--- How to complete this task ---
Exclude any images and output the remaining records exactly.

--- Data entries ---

───

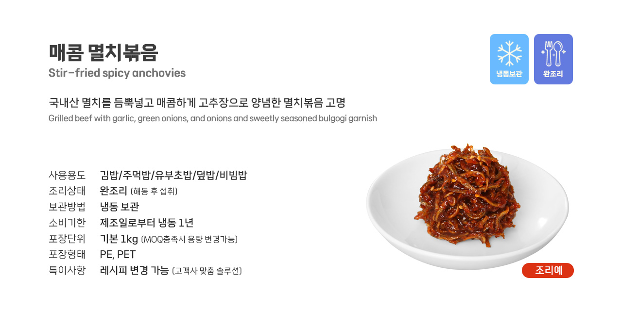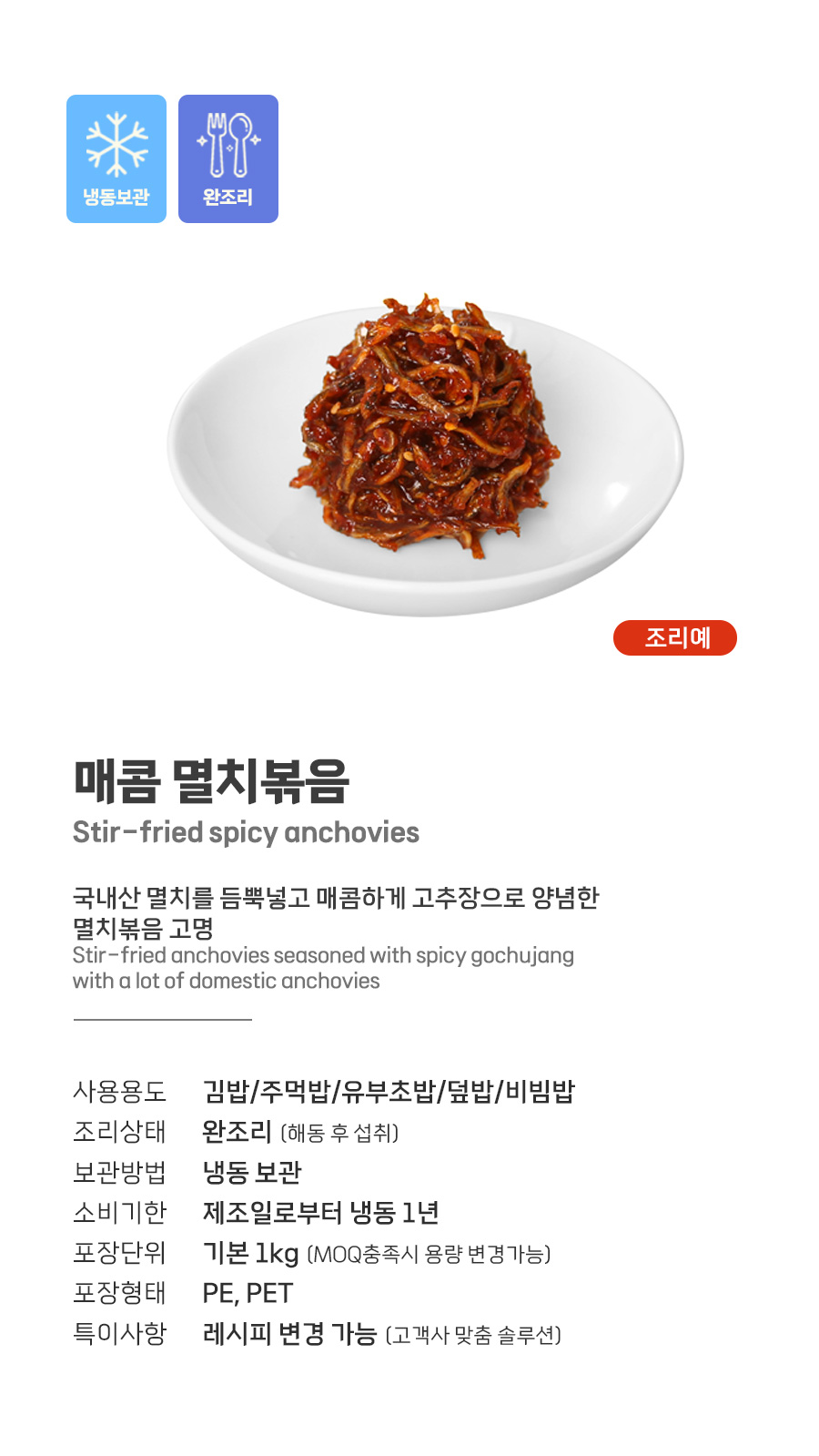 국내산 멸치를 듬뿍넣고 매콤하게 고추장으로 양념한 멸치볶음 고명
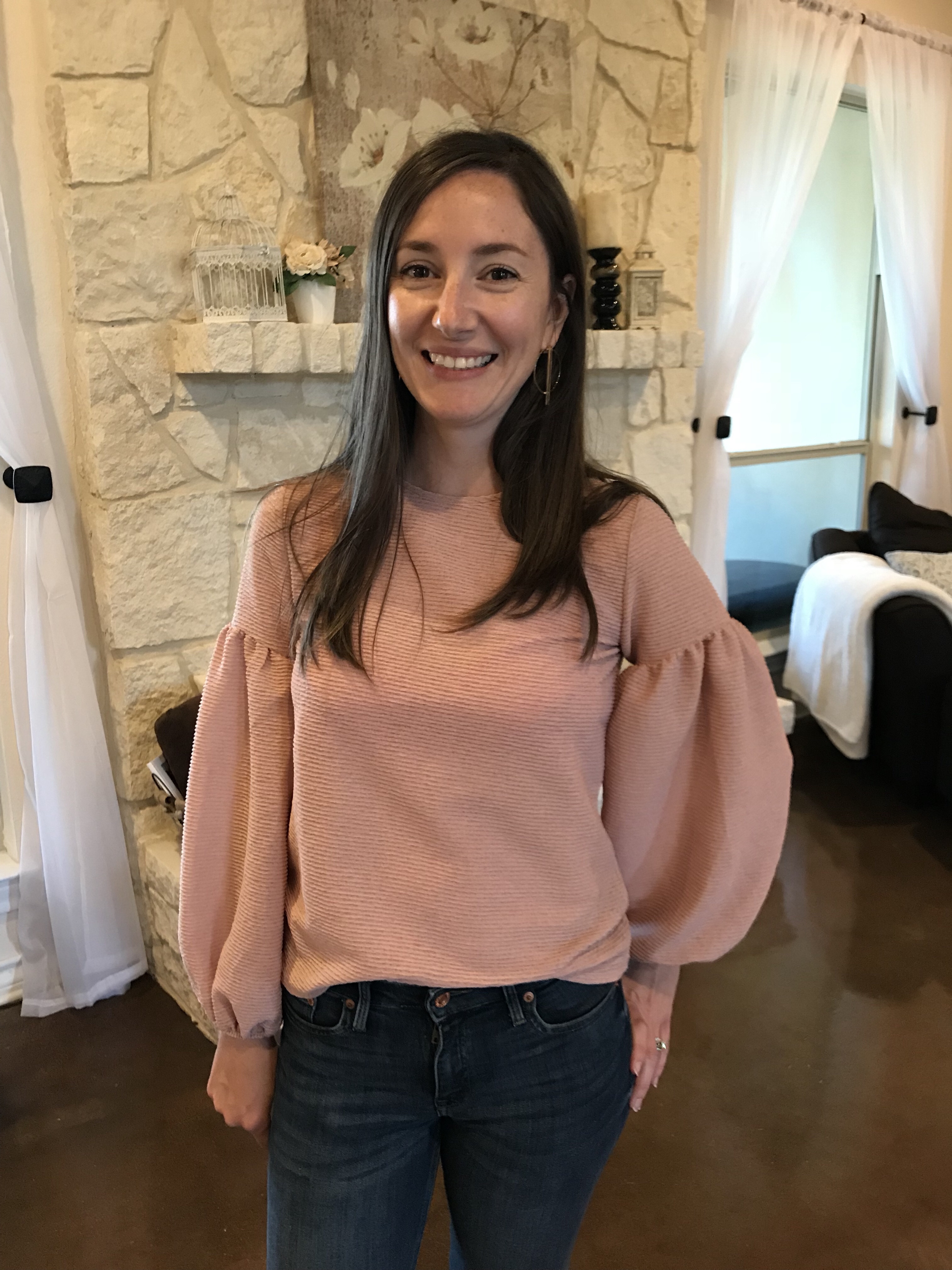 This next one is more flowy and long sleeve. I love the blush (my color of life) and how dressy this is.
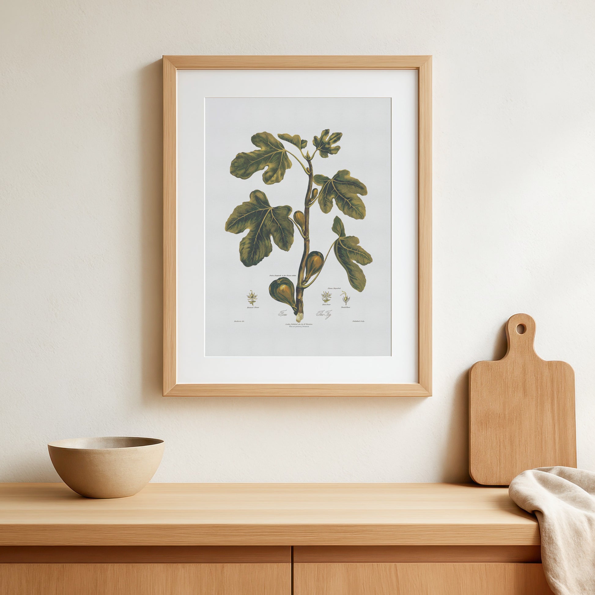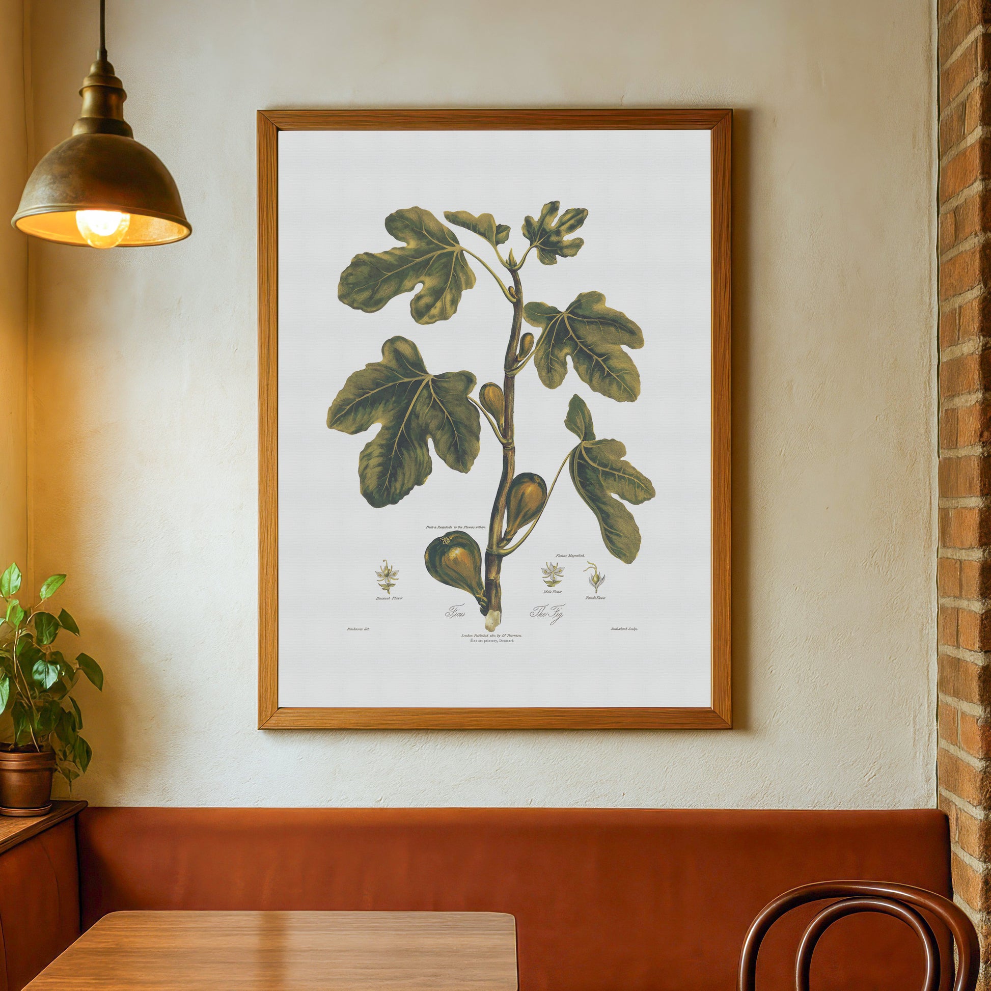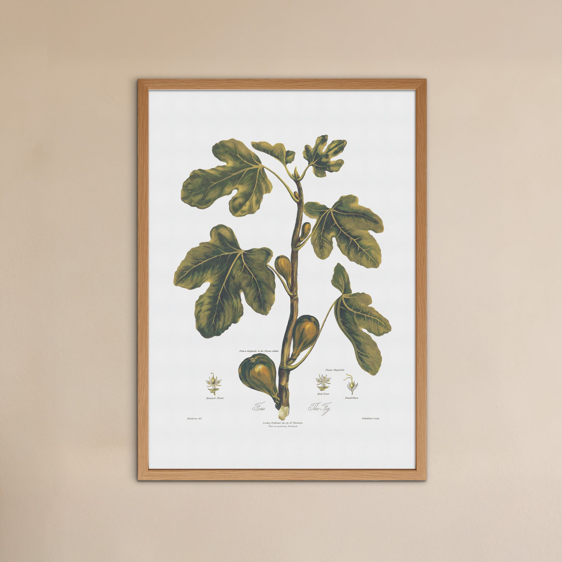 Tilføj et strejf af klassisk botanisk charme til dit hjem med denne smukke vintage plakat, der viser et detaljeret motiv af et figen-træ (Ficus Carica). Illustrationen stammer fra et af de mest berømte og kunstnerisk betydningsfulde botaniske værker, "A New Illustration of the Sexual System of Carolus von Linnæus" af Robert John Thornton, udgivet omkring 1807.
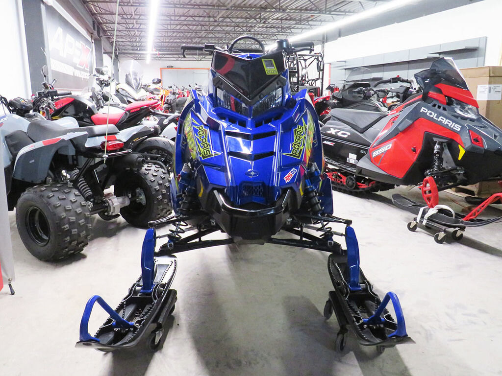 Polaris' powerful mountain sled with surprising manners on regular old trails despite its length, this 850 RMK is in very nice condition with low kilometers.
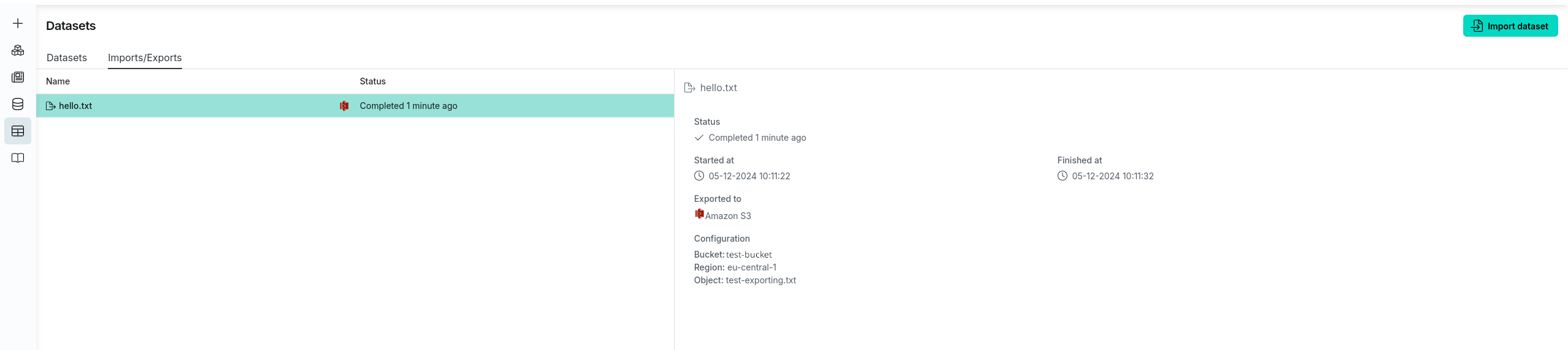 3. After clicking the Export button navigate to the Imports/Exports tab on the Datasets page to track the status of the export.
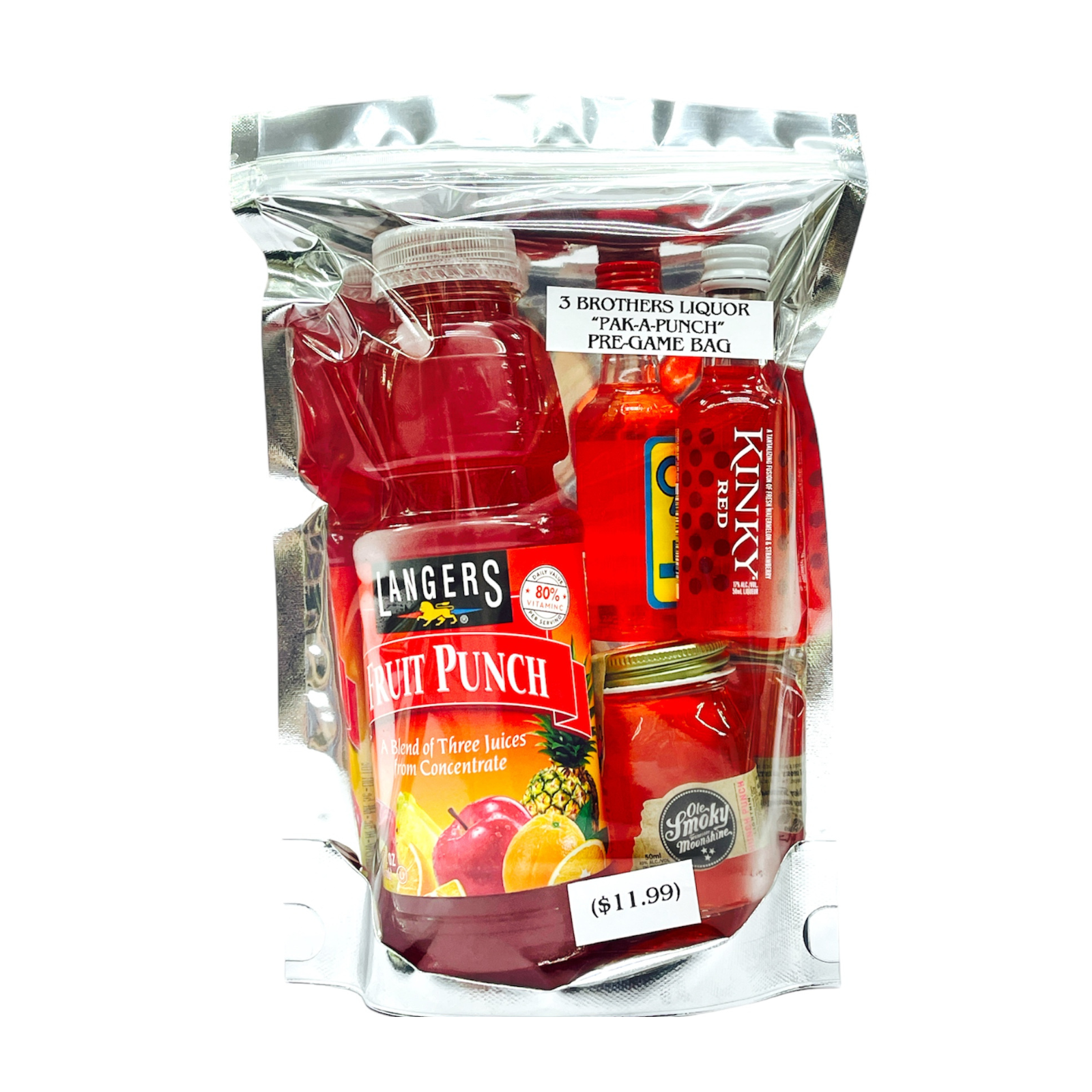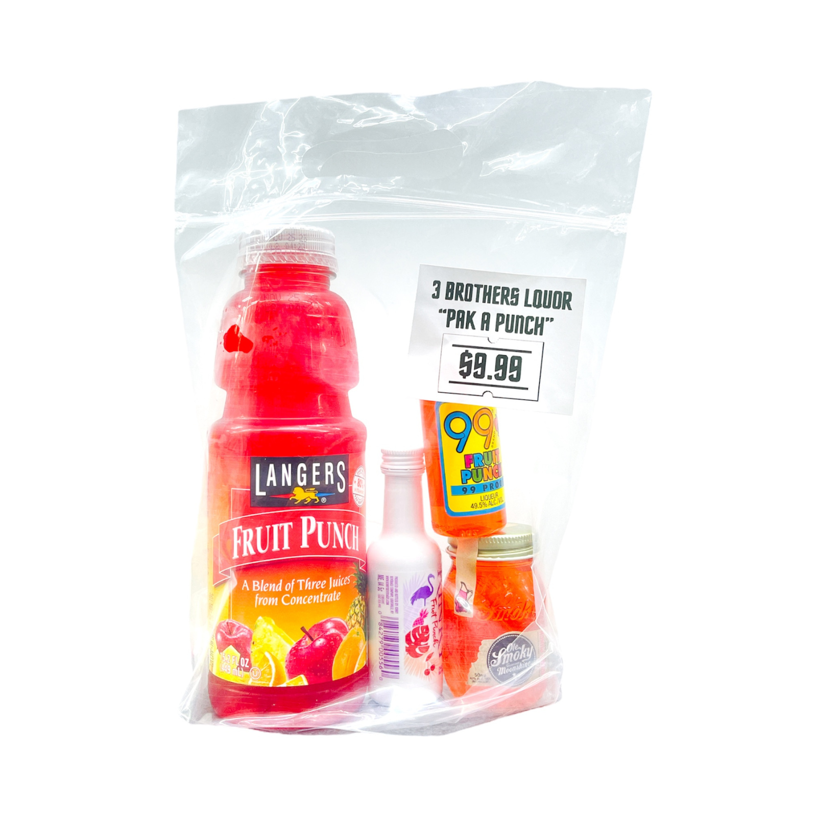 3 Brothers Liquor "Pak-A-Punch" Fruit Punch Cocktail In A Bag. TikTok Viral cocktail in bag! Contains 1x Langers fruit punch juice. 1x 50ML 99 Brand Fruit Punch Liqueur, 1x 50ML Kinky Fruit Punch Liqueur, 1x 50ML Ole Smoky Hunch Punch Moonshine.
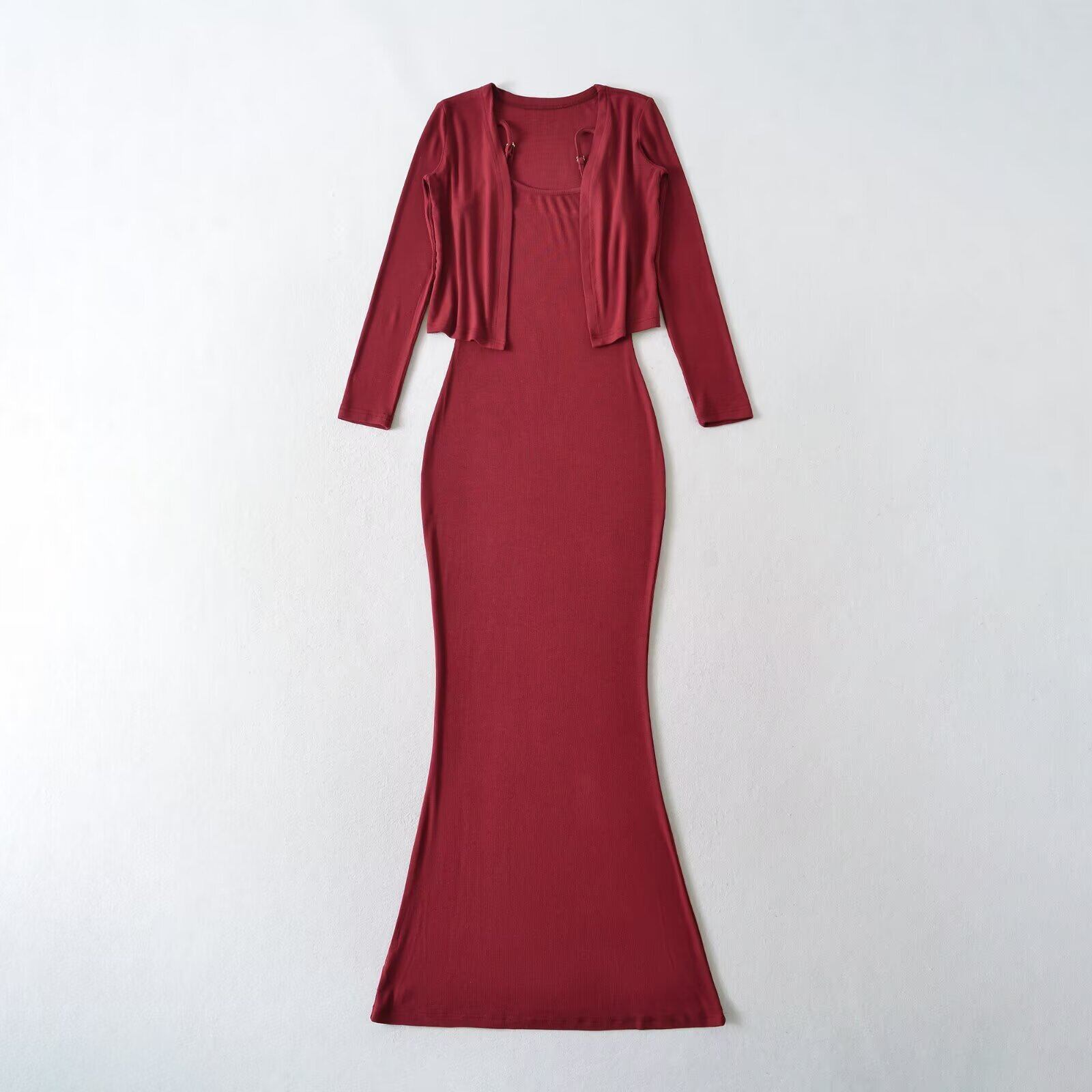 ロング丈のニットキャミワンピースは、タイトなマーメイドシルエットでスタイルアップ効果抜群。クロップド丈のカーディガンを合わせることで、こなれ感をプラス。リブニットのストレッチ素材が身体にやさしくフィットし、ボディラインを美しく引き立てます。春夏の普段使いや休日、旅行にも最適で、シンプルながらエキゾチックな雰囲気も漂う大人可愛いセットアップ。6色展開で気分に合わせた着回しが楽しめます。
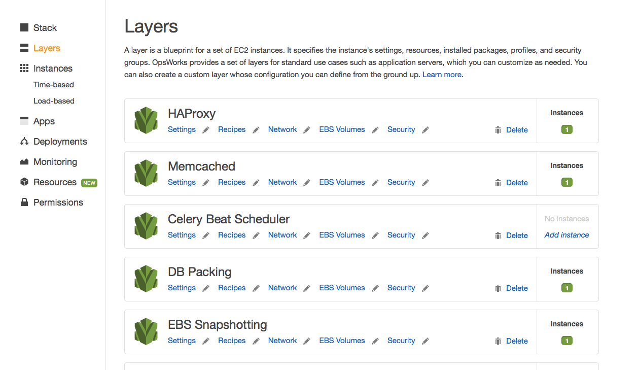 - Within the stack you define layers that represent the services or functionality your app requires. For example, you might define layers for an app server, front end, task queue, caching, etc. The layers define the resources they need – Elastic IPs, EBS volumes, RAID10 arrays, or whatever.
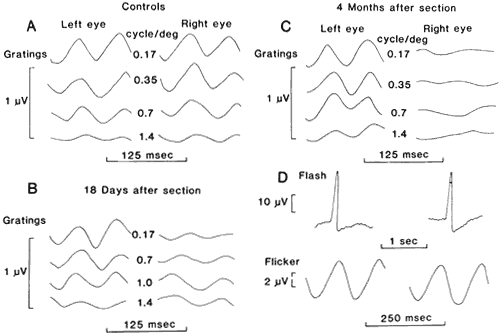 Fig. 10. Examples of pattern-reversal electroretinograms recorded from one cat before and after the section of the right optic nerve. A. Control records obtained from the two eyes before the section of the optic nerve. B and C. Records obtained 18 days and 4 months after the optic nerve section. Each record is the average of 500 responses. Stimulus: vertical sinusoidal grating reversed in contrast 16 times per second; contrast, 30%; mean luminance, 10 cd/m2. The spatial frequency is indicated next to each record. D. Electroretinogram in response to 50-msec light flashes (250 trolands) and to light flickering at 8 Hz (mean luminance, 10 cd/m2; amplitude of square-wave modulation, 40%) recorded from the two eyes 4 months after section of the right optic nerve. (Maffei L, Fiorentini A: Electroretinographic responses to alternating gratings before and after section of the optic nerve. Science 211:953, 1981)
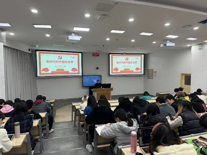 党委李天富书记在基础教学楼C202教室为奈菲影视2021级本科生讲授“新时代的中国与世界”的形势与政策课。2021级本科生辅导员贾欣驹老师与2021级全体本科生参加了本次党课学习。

───

--- Solution to the problem ---
 국내산 멸치를 듬뿍넣고 매콤하게 고추장으로 양념한 멸치볶음 고명
 This next one is more flowy and long sleeve. I love the blush (my color of life) and how dressy this is.
 Tilføj et strejf af klassisk botanisk charme til dit hjem med denne smukke vintage plakat, der viser et detaljeret motiv af et figen-træ (Ficus Carica). Illustrationen stammer fra et af de mest berømte og kunstnerisk betydningsfulde botaniske værker, "A New Illustration of the Sexual System of Carolus von Linnæus" af Robert John Thornton, udgivet omkring 1807.
 Polaris' powerful mountain sled with surprising manners on regular old trails despite its length, this 850 RMK is in very nice condition with low kilometers.
 3. After clicking the Export button navigate to the Imports/Exports tab on the Datasets page to track the status of the export.
 3 Brothers Liquor "Pak-A-Punch" Fruit Punch Cocktail In A Bag. TikTok Viral cocktail in bag! Contains 1x Langers fruit punch juice. 1x 50ML 99 Brand Fruit Punch Liqueur, 1x 50ML Kinky Fruit Punch Liqueur, 1x 50ML Ole Smoky Hunch Punch Moonshine.
 ロング丈のニットキャミワンピースは、タイトなマーメイドシルエットでスタイルアップ効果抜群。クロップド丈のカーディガンを合わせることで、こなれ感をプラス。リブニットのストレッチ素材が身体にやさしくフィットし、ボディラインを美しく引き立てます。春夏の普段使いや休日、旅行にも最適で、シンプルながらエキゾチックな雰囲気も漂う大人可愛いセットアップ。6色展開で気分に合わせた着回しが楽しめます。
 - Within the stack you define layers that represent the services or functionality your app requires. For example, you might define layers for an app server, front end, task queue, caching, etc. The layers define the resources they need – Elastic IPs, EBS volumes, RAID10 arrays, or whatever.
 Fig. 10. Examples of pattern-reversal electroretinograms recorded from one cat before and after the section of the right optic nerve. A. Control records obtained from the two eyes before the section of the optic nerve. B and C. Records obtained 18 days and 4 months after the optic nerve section. Each record is the average of 500 responses. Stimulus: vertical sinusoidal grating reversed in contrast 16 times per second; contrast, 30%; mean luminance, 10 cd/m2. The spatial frequency is indicated next to each record. D. Electroretinogram in response to 50-msec light flashes (250 trolands) and to light flickering at 8 Hz (mean luminance, 10 cd/m2; amplitude of square-wave modulation, 40%) recorded from the two eyes 4 months after section of the right optic nerve. (Maffei L, Fiorentini A: Electroretinographic responses to alternating gratings before and after section of the optic nerve. Science 211:953, 1981)
 党委李天富书记在基础教学楼C202教室为奈菲影视2021级本科生讲授“新时代的中国与世界”的形势与政策课。2021级本科生辅导员贾欣驹老师与2021级全体本科生参加了本次党课学习。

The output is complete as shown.